In connection with the proposed merger and capital increase, Patriot will file a proxy statement and other relevant documents with the SEC. SHAREHOLDERS ARE ADVISED TO READ THE PROXY STATEMENT WHEN IT BECOMES AVAILABLE AND ANY OTHER RELEVANT DOCUMENTS FILED WITH THE SEC, AND ANY AMENDMENTS OR ADDITIONS TO THESE DOCUMENTS, BECAUSE THEY WILL CONTAIN IMPORTANT INFORMATION. Shareholders can obtain a free copy of the proxy statement (when available) and other Patriot filings at the SEC’s website at http://www.sec.gov. The power of attorney and these other documents may also be obtained free of charge from Patriot by directing this request to Patriot at 900 Bedford Street, Stamford, CT, 06901, Attention: Michael Carrazza, telephone: 203-251-8230.

Participants in the solicitation

Patriot and its directors, officers and other members of its management and employees may be considered participants in the solicitation of proxies from its shareholders in connection with the merger and the capital increase. A list of the names of such directors and officers and information regarding the ownership of Patriot common stock by such participants is set forth in Patriot’s Form 10-K, as amended or supplemented by any Form 3 or Form 4 filed with the SEC since the date of this Form 10-K. Additional information about the interests of these participants may be obtained by reading the proxy statement relating to the merger and capital increase when it becomes available, or by addressing a request to Patriot at 900 Bedford Street, Stamford , CT, 06901, Attention: Michael Carrazza, Phone: (203) 251-8230.

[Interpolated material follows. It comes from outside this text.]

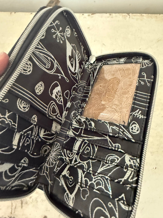 Sakroots Wallet Clutch Organizer Coated Canvas Metallic Songbird Black

American Challenger and its directors and officers may also be considered participants in the solicitation of proxies from Patriot shareholders in connection with the merger and capital increase. A list of the names of such directors and officers and information regarding their interests in the merger will be contained in the proxy statement when available.

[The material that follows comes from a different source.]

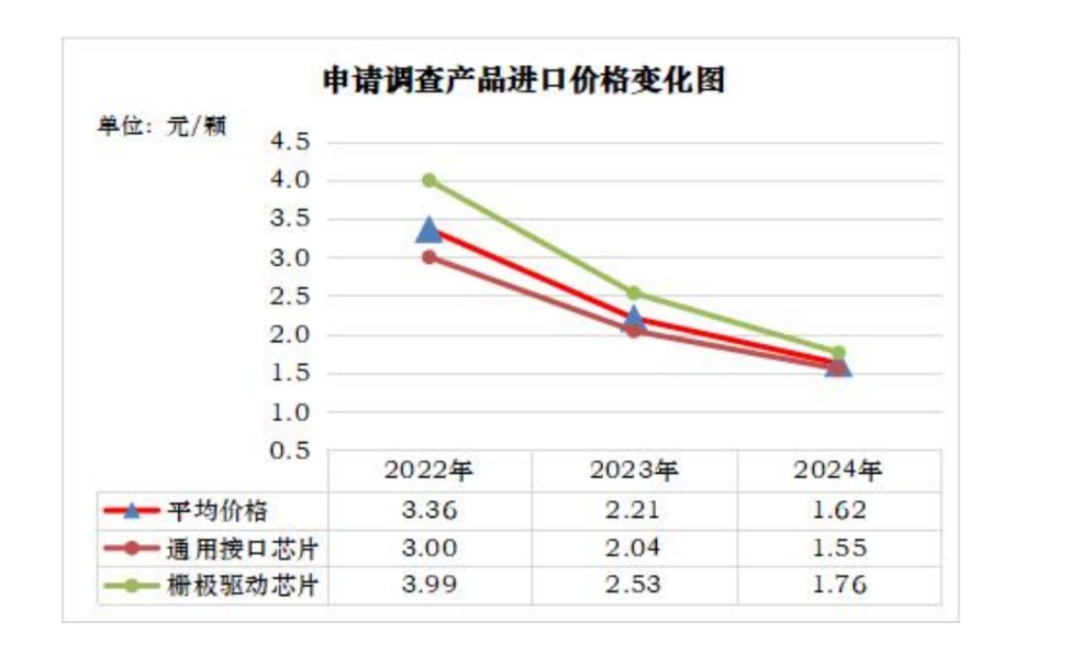 比如,美国相关通用接口芯片从2022年3.00元/颗降至2023年2.04元/颗,2024年则为1.55元/颗,2024年较2022年累计降幅48.33%。而栅极驱动芯片也从2022年3.99元/颗降至2023年2.53元/颗,2024年为1.76元/颗,2024年较2022年累计降幅55.85%。

About Patriot National Bancorp, Inc.

Founded in 1994 and now celebrating its 28th year, Patriot National Bancorp, Inc. is the parent company of Patriot Bank NA (“Bank”), a nationally chartered bank headquartered in Stamford, CT. The Bank is headquartered in Stamford and operates 9 branches: in Scarsdale, NY; and Darien, Fairfield, Greenwich, Milford, Norwalk, Orange, Stamford, Westport, CT with Express Banking branches in Bridgeport/Husatonic Community College, downtown New Haven and Trumbull at Westfield Mall. The Bank also has SBA lending offices in Stamford, Connecticut, Florida, Georgia, Mississippi, and an operations center in Rhode Island.

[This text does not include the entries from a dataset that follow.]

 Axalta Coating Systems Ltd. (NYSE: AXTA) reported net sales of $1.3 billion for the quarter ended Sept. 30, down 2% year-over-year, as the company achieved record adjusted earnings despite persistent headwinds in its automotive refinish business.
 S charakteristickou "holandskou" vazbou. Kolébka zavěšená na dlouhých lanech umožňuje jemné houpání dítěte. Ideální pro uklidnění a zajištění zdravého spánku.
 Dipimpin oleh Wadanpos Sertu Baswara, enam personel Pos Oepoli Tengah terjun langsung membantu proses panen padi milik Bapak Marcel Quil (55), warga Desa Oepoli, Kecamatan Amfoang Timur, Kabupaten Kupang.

Patriot’s mission is to serve its local community and national customer base by offering a growing range of banking solutions to meet the needs of individuals and small business owners. Patriot values ​​the integrity of its people and the way it conducts business. A focus on building strong customer relationships and community engagement are cornerstones of Patriot’s philosophy, which seeks to maximize shareholder value.